I am 63 and have dealt with a narcisistic controlling mother who is 90 now. I am just unraveling now! Also, i am caring for her despite the fact she has the resources to have someone else do it! Fortunately, we do not live together. I am 3 minutes from her. Trying to disengage. I am a strong independent women, I can take care of myself. I was married to a narc/alcoholic husband for 30 years. Somehow, I have 3 grown, responsible children with 5 beautiful children. I want to spent more time with them but they live far away. My other sibs have made the break from her already! No one likes to be around her. How sad.
Hi Roland,
I want to thank you for this article and all the others. I am new to this process. I am 37 and newly divorced from yet another narcissistic relationship. I have been struggling with addiction since I was 12 and I always thought that addiction was genetic. I now see that maybe it isn’t. I have been trying to numb my feelings for a very long time. I have 38 days sober again today. And I just started therapy a month ago to deal with the PTSD I was just diagnosed with a month ago also. I finally have an explanation to all my hurt and suffering and I’m relieved to know why. I had an abortion last October because my ex convinced me I would never be able to raise that child on my own (we have a 5 year old together) but during our 3 year separation I got pregnant by someone else, also a recovering addict who took off to California as soon as he found out I was pregnant. I was so brainwashed and thought that in June when I had told my ex about the pregnancy and he said he made a mistake and he did love me and wanted to be with me that I believed him, only for him ultimately to convince me I couldn’t do it alone and if I didn’t have the abortion he wouldn’t be with me. He had me so utterly convinced that I wouldn’t be able to do it alone that I let him pay for an abortion. Then only a month after to start pulling away from me again and treating worse than he did the last time we were together. It’s been a real shit show to say the least. I beat myself up every day for being such a weak-minded person for killing my own baby for a POS like him because I wanted to believe he actually cared and loved me and that what he told me was the truth. I know this all sounds twisted when I write this out, even to me. I am trying to get through the pain as best I can. I have learned over the years how to compartmentalize my thoughts and feelings that it’s become easy for it to be out of sight out of mind kind of thing. I think that’s called dissociation, but there may be another term for it, I’m not sure. It’s another new term to me. I’m still learning. But how do I just negate the fact that I did what I did? It seems impossible for me. I literally want to die every time I bring up those feelings. I went against my own morals. The one thing I said I would never do. To me I committed the worst sin. And I will never get to see my baby, ever. How do I work past that pain? Thanks for hearing me out.
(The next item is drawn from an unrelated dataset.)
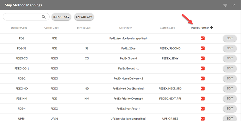 Depending on your integration method, you may use unique shipping codes, these will need to be mapped to our SCAC (Standard Carrier Alpha Code). To set up your custom SCAC mappings: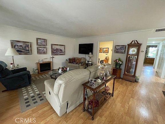(Mutual 15-2-B) Oh the possibilities ... "RARE" DOUBLE ATRIUM - Highly sought after and only available in Mutual 15!! This lovely home is great the way it is or you can personalize it and make it your own. Two Bedrooms, 1.5 bathrooms, Plantation Shutters, Wood Look Floors, Central Heat/Air, Dining Room, Upgraded Kitchen with Corian Counters, Coffer Ceiling and Breakfast Bar that overlooks the large living room! The Atrium has been enclosed that give an extra room for an office, hobby room or even a guest room, plus the patio has been enclosed, allowing for indoor space - but still a patio with a tile floor and built-in storage cabinet. The location is perfect on a courtyard/greenbelt, has a wonderful breeze and close to the front gate! One Assigned Carport in Building #1; Space #40.

Hi April, thanks for sharing your story. Please email me at roland@rolandbal.com so I can forward you some colleagues you could work with directly.
Thanks for sharing such a helpful article.
You’re welcome.
Roland, it seems to me the practice of “focusing” (coined by Gendlin) is something like what you’re saying.
Noticing, allowing and being with – in an observant and compassionate way , rather than falling into and being overwhelmed.
It’s useful. Thank you for reminding me – I needed it!
Since becoming the Identified Patient in the family, (late 1960’s), my trauma was medicalized and medicated. Any therapy was an attempt to get me to change my thinking, i.e. think like the therapist. I was told what was wrong with me. Nobody asked me what happened to me. My healing began when I stopped medicating and started meditating. I have a long way to go.
As a child, we often take on emotions from our near family and express them as symptoms. In turn, this shifts the focus away from the family issue(s) and onto the “in need” child.